EXERCISE REQUIREMENTS:
Would you repeat word for word the lines of the listing that follows, from the one with "EASY TO CLEAN" up to and including the one with "Using a 10mm", and leave out the images?

STUDY MATERIAL:
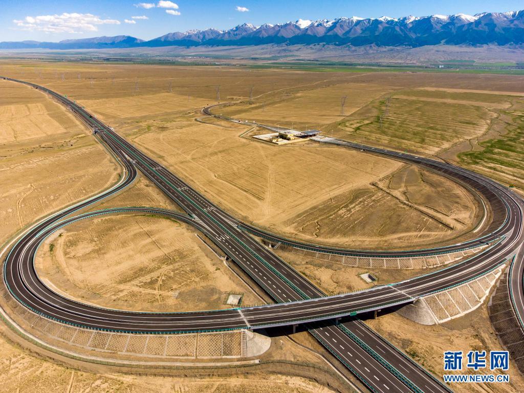 这是在新疆巴里坤哈萨克自治县拍摄的京新高速公路红山立交桥(6月29日摄,无人机照片)。新华社记者 胡虎虎 摄
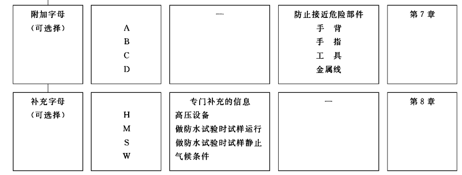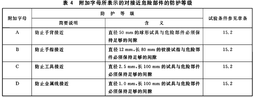 各類產品引用外殼防護等級的程度和方式,以及采用何種外殼,留待產品標準決定,對具體的防護等級所采用的試驗應符合本標準的規定,必要時,在有相產品標準中可增加補充要求??稍谟嘘P產品標準中作具體規定的細則見附錄B。
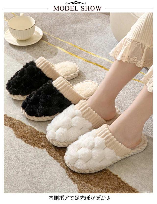 送料無料 ルームスリッパ 暖かい 室内履き レディース メンズ ルームシューズ もこもこ 暖か ふわふわ ボアスリッパ おしゃれ かわいい フェイクファー 冷え対策 防寒 滑り止め シンプル ペア 来客 室内 部屋 職場 オフィス 上履き
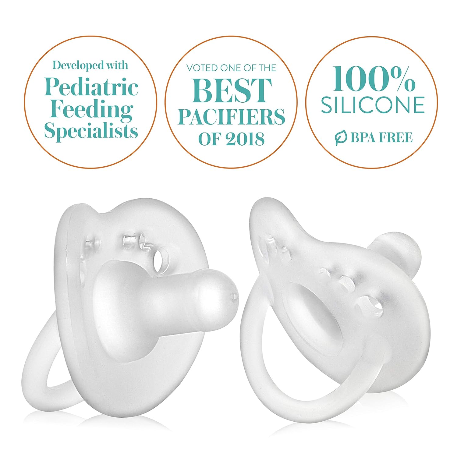 EASY TO CLEAN – The cylindrical pacifiers come in a re-sealable steam sanitization bag that can be used up to 5 times for easy cleaning Just add 2 ounces of water and place in the microwave (see instructions for heating times)
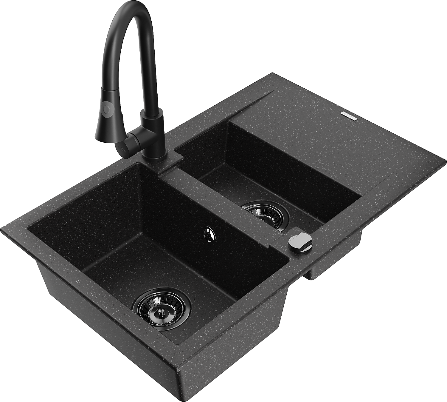 Mexen Gaspar lavello in granito 1,5 vasche con sgocciolatoio e rubinetto da cucina Elia, nero/argento - 6507-73-670101-70-B
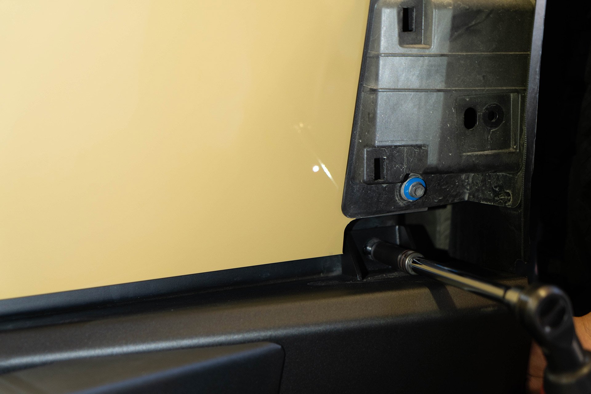 Using a 10mm socket, reinstall 1 factory bolt on each end of the side skirt near the bottom of the wheel arches. *DO NOT APPLY FINAL TORQUE*
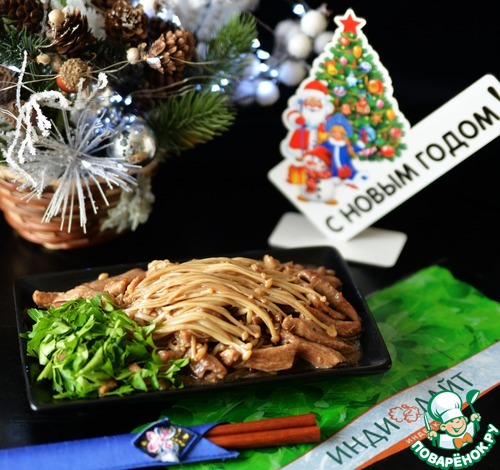 Хотите удивить своих гостей необычным блюдом на Новогоднем столе? Предлагаю приготовить индейку с грибами эноки. Ваши гости ни за что не угадают, что это. Потому что по внешнему виду эти грибы напоминают спагетти. Я живу на Дальнем Востоке, это блюдо появилось недавно у нас в китайских ресторанах. А вообще, эноки очень распространённый гриб в китайской, корейской и японской кухне. Если вы увидите у себя этот гриб в супермаркетах, не проходите мимо. У нас он в ассортименте (тонкие и толстые), и по цене ниже шампиньонов.

ANSWER TO THE EXERCISE:
 EASY TO CLEAN – The cylindrical pacifiers come in a re-sealable steam sanitization bag that can be used up to 5 times for easy cleaning Just add 2 ounces of water and place in the microwave (see instructions for heating times)
 Mexen Gaspar lavello in granito 1,5 vasche con sgocciolatoio e rubinetto da cucina Elia, nero/argento - 6507-73-670101-70-B
 Using a 10mm socket, reinstall 1 factory bolt on each end of the side skirt near the bottom of the wheel arches. *DO NOT APPLY FINAL TORQUE*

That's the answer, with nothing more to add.